Ellison's paintings of the 1960s evolved out of the late Abstract Expressionist movement, with the work of Lester Johnson and Milton Resnick as significant influences. In the mid-1960s, he shifted from short, woven brushstrokes to large, individual strokes applied with a collage-like quality – a style described as like a non-representational neo-pointillism.

In 1971, Ellison took a brief pause from painting to work in clay at the Grand Street Potters in SoHo. By 1973, he had returned to painting with a new approach, abandoning the brush for a slender baton made of ash, cut from a sail batten. Using this tool for semi-controlled splattering of paint while the canvas hung on the wall, he achieved a three-dimensional surface composed of small fragments of color. He continued to paint in this signature "splatter" style through the mid-1980s, exhibiting at galleries including the Landmark Gallery in SoHo. His paintings of the 1970s and 1980s are represented by Westbrook Modern in Carmel, California.

== Ceramics collecting ==

Ellison began collecting ceramics in the 1960s, initially not knowing the formal classifications of what he was acquiring. "I started out not knowing anything, so everything I've learned has been self-discovered," he told ARTnews in 2021. "I don't have advisers or a curator or an assistant or anything like that. I'm just one guy doing it all myself."
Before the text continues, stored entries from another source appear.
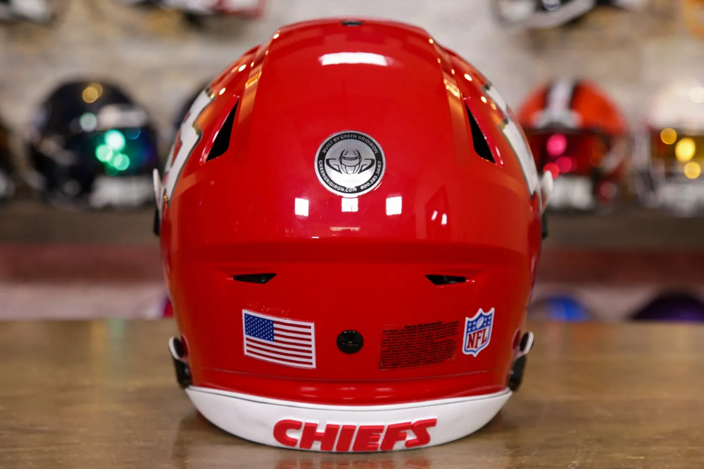 This Kansas City Chiefs Helmet is a Green Gridiron masterpiece, ready for the biggest Chiefs fan!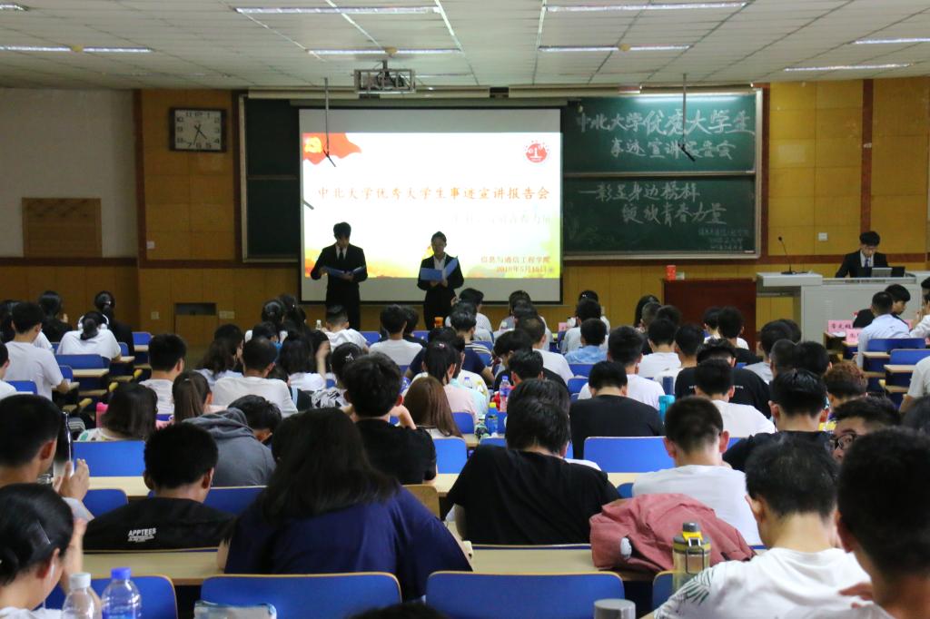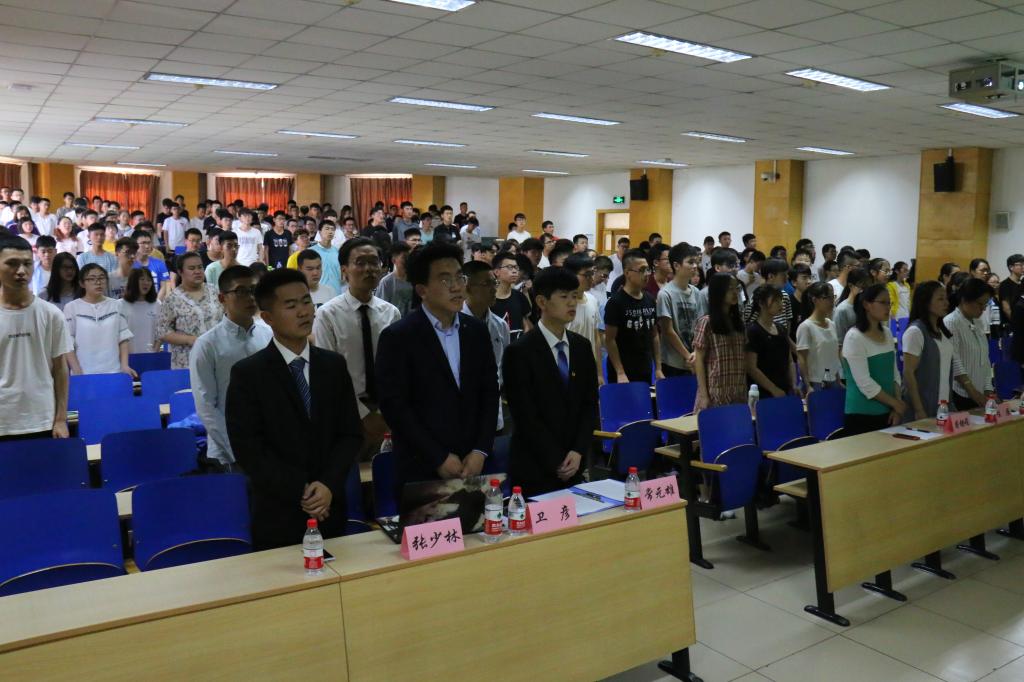 大会在庄严的校歌声中拉开了序幕。作为中北奖章荣誉获得班的班级代表,常元雄和卫彦分别代表了9999js金沙老品牌14050Z01班和电气与控制工程学院14070242班给大家分享了四年来的汗水与光荣,并勉励同学们与梦想同行,追求卓越永不止步。紧接着,中北奖章提名奖的机电工程学院14010Z01班和理学院14080441班也分别与大家分享了学习和工作中的点点滴滴,并希望同学们以梦为翼,凭汗作力,拼搏奋斗,共上青云。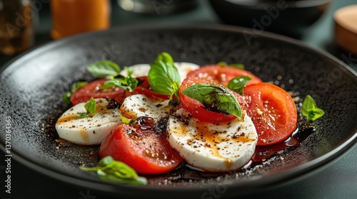 Elegant caprese salad: vibrant red tomatoes, creamy mozzarella, and fragrant basil arranged on a sleek black plate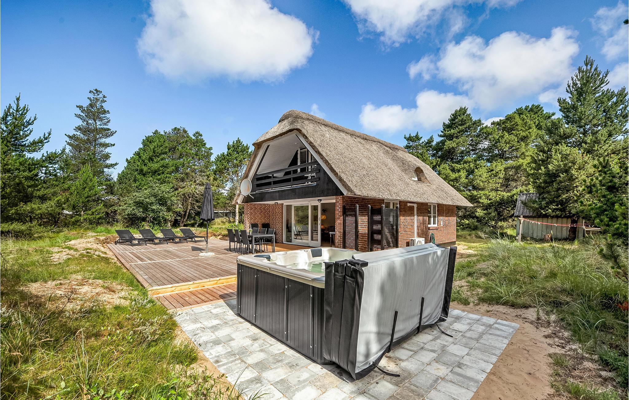 Charmantes Reetdachhaus in Blåvand mit Kamin, Whirlpool, zwei Terrassen und direkter Nähe zum Strand.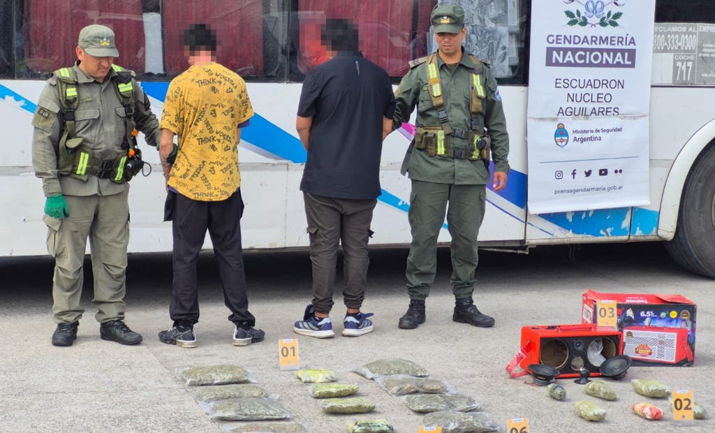 El operativo fue ejecutado por el Escuadrón Núcleo “Aguilares”. Apenas los uniformados subieron al ómnibus para inspeccionarlo, un detalle llamó la atención: un parlante apoyado entre los asientos 29 y 30, cuyo peso resultaba desproporcionado para su tamaño y que, además, despedía un intenso olor a marihuana. La sospecha se transformó en certeza cuando se identificó a sus dueños, dos hombres mayores de edad que viajaban juntos.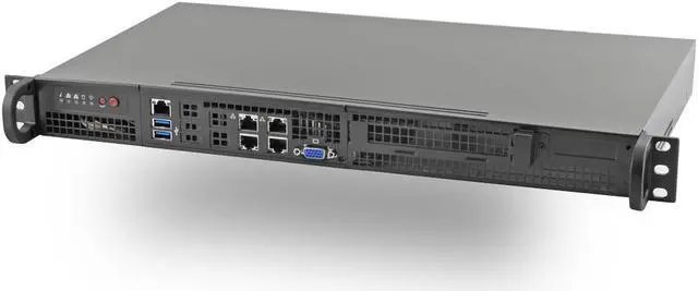 The Supermicro SuperServer 5018D-FN4T rackmount server features the Intel Xeon D-1541 8-Core Processor with two 10 Gb Ethernet ports (10GBase-T), two additional Gigabit ports, and a dedicated IPMI port. The entire configuration is enclosed in a compact ( 9.8" depth) 1U rackmount enclosure with front-access I/O ports. The Intel Xeon D provides a power-efficient platform that consumes less power and generates less heat than conventional server platforms. This server is suitable for Cloud and Virtualization, networking and other embedded applications.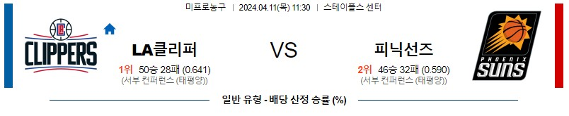 [킹콩티비] 04월 11일 클리퍼스 vs 피닉스 NBA 생중계, 스포츠분석,스포츠중계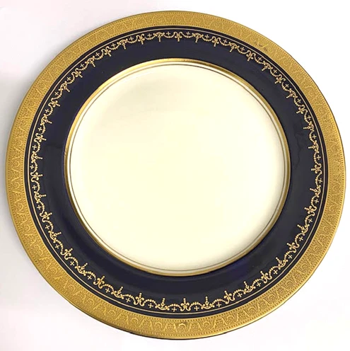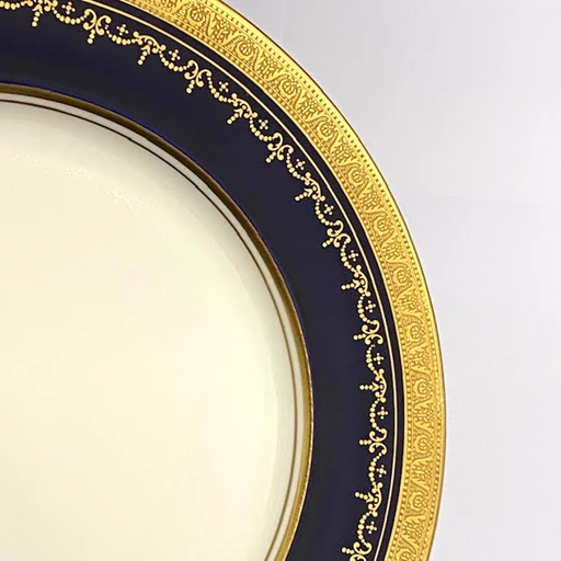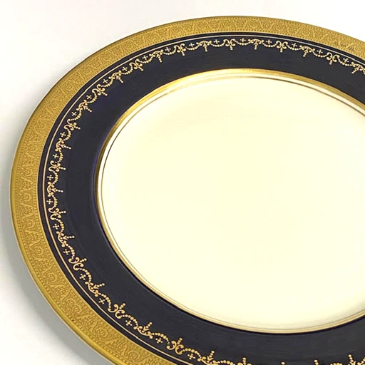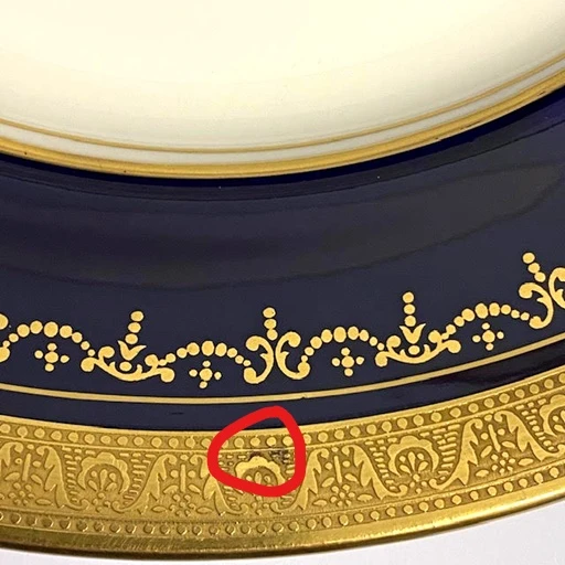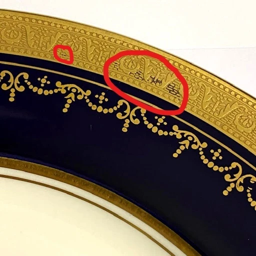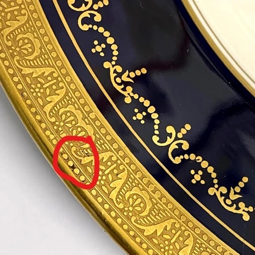 *Please note: there are some slightly dark blemishes on the acid etched gold edging of this plate – circled in red.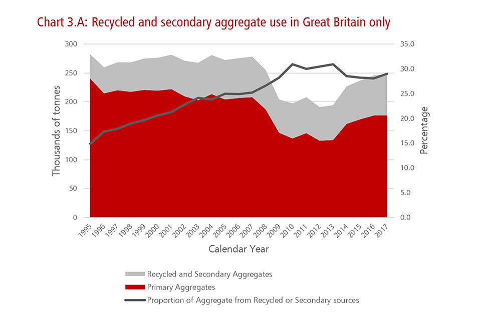 Chart illustrating recycled and secondary aggregate use in Great Britain only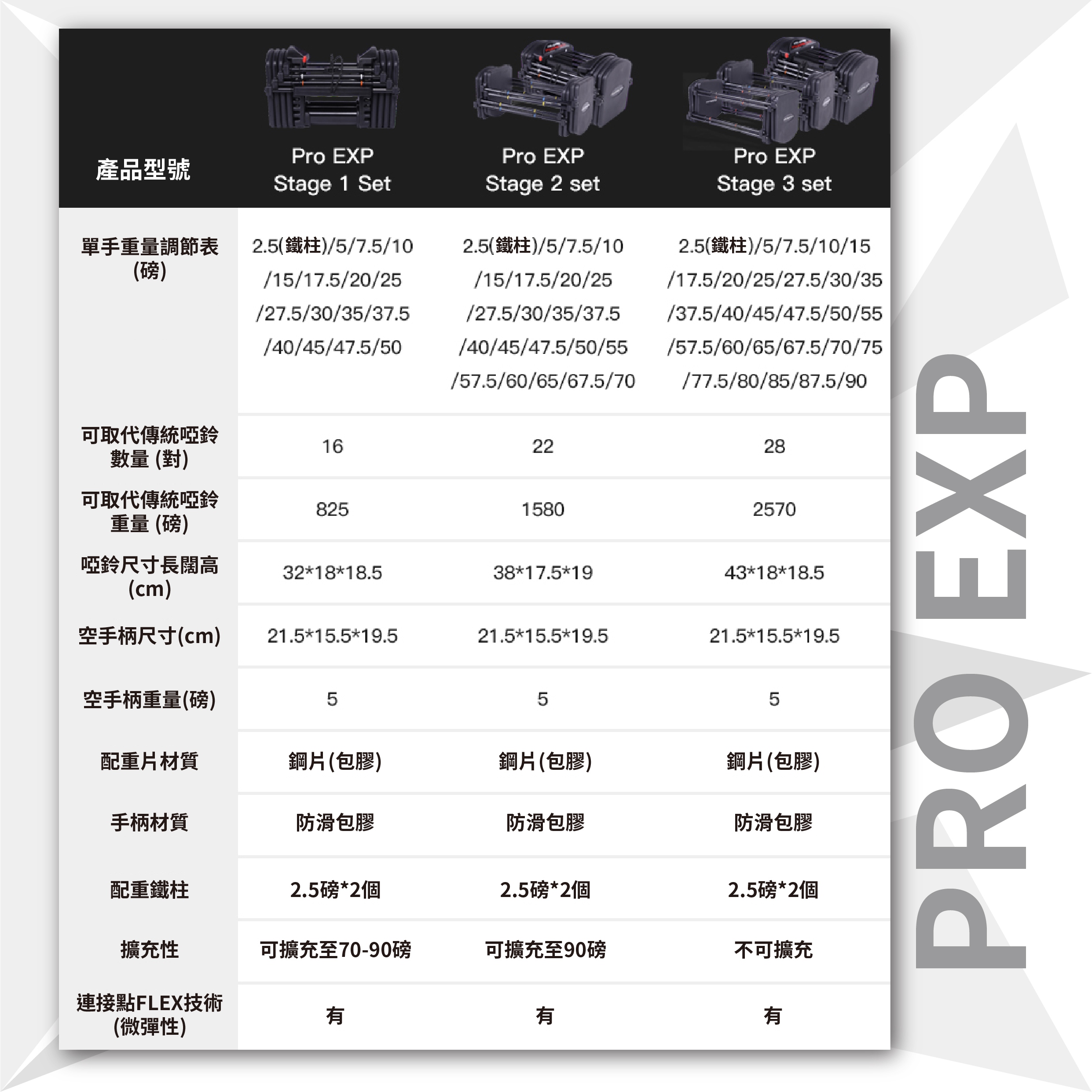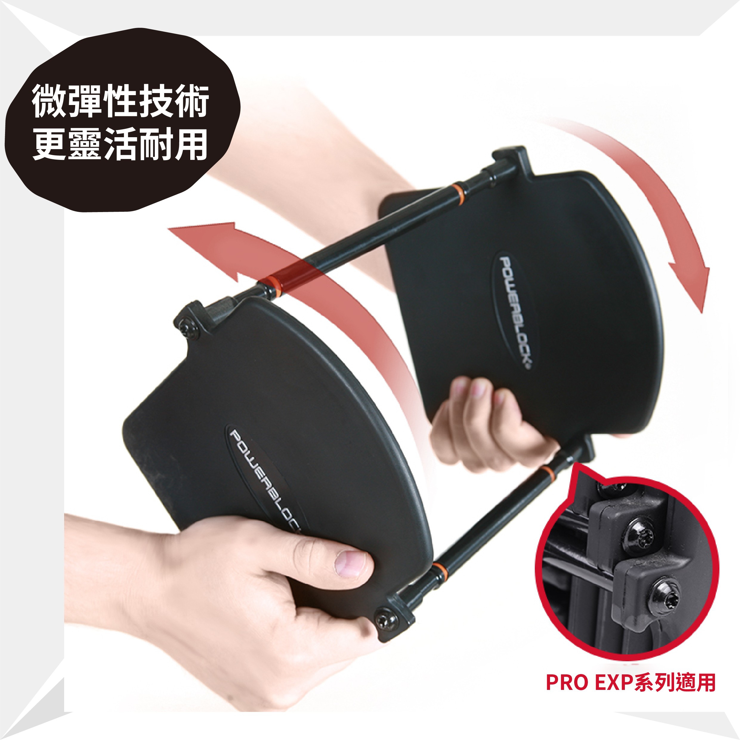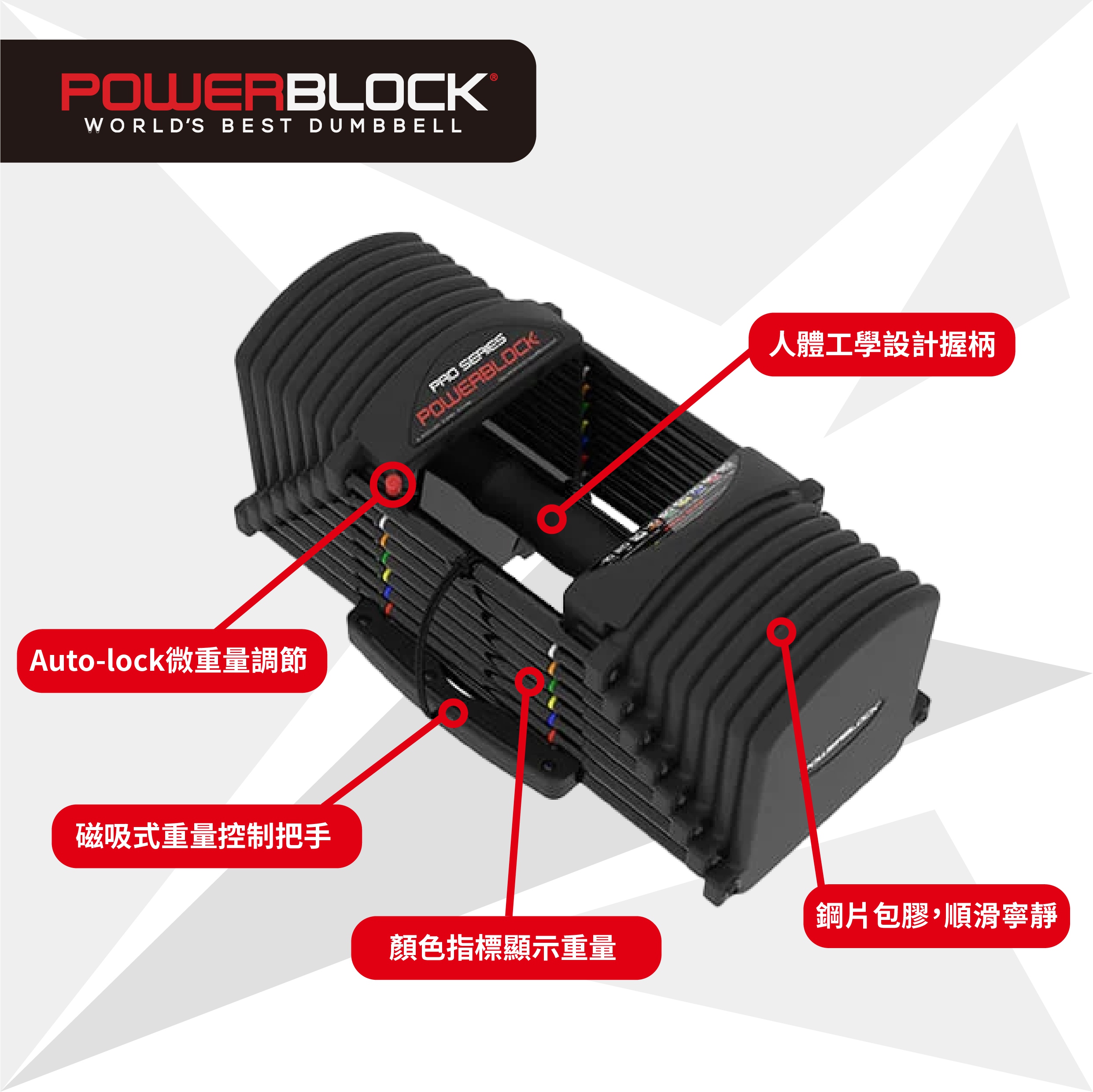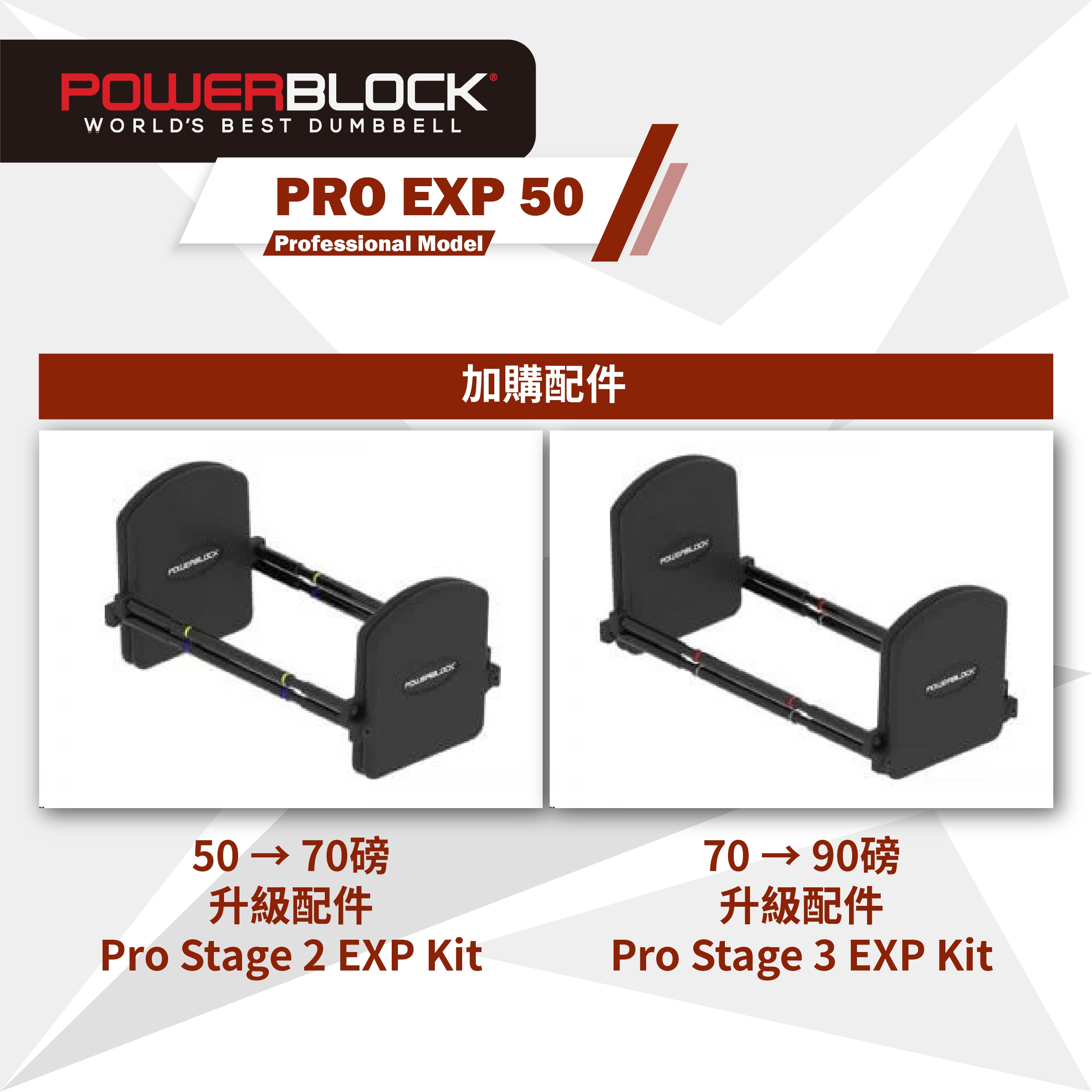 美國著名啞鈴品牌,擁有27年啞鈴設計及研發經驗,獲眾多NBA頂尖藍球隊選用。PowerBlock PRO EXP系列重量可由5磅調至50磅,以調重插杆快速調節重量,無需更換啞鈴片,方便慳位,可加購升級配件將重量擴充至70或90磅,另有專屬壺鈴配件及推桿可供選配。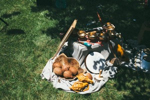 This photograph captures a serene gathering of musical instruments arranged on a textured blanket spread across lush green grass. Dappled sunlight filters through nearby foliage, casting gentle shadows and enhancing the warm, inviting atmosphere, inviting viewers to imagine the sounds and rhythms produced in this tranquil setting.
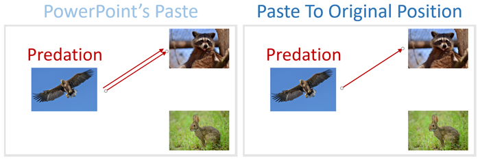 When you paste an object on the slide, its position may be slightly shifted if the original object is at the same position on the slide. Paste At Original Position pastes objects at their positions on the slide exactly where they were copied.

He described himself as a "serial collector", finding one area of ceramics, collecting and contextualizing it, and then moving on to another. Two events in the early 1970s sharpened his focus: a 1972 exhibition on American art pottery at Princeton University, and the 1974 publication of Paul Evans's book Art Pottery of the United States. Using his eye for form, color, and texture, Ellison built what curator Alice Cooney Frelinghuysen described as "arguably one of the best" collections of American and European art pottery in the United States.

=== George Ohr ===

In 1974, Ellison encountered his first work by George Ohr, the eccentric Biloxi-based potter later known as "The Mad Potter of Biloxi", at a friend's antique shop. "I was just bowled over", Ellison recalled. He purchased the piece – a small, hand-pinched pitcher – for $100 or less. This discovery became a defining passion; Ellison subsequently introduced Ohr's work to his friend Milton Resnick and dedicated years to researching Ohr's life and artistic motivations.

With Garth Clark and Eugene Hecht, Ellison co-wrote the monograph The Mad Potter of Biloxi: The Art and Life of George E. Ohr (1989), which became a key scholarly resource on the artist.

== Metropolitan Museum of Art donations ==

In 2009, Ellison donated about 300 pieces of American art pottery to the Metropolitan Museum of Art (Met). The collection, spanning works from 1876 to 1956, was described by the museum as helping to create "one of the great repositories of Art Pottery in the world".

In 2013, Ellison made a further gift of European pottery to the Met. His final major donation, 125 works of modern and contemporary ceramic art, was made in honor of the museum's 150th anniversary and formed the basis of the 2021 exhibition Shapes from Out of Nowhere: Ceramics from the Robert A. Ellison Jr. Collection, curated by Adrienne Spinozzi. The exhibition featured works by 49 artists, including Peter Voulkos, Ken Price, Toshiko Takaezu, Lynda Benglis, and eight works by George Ohr.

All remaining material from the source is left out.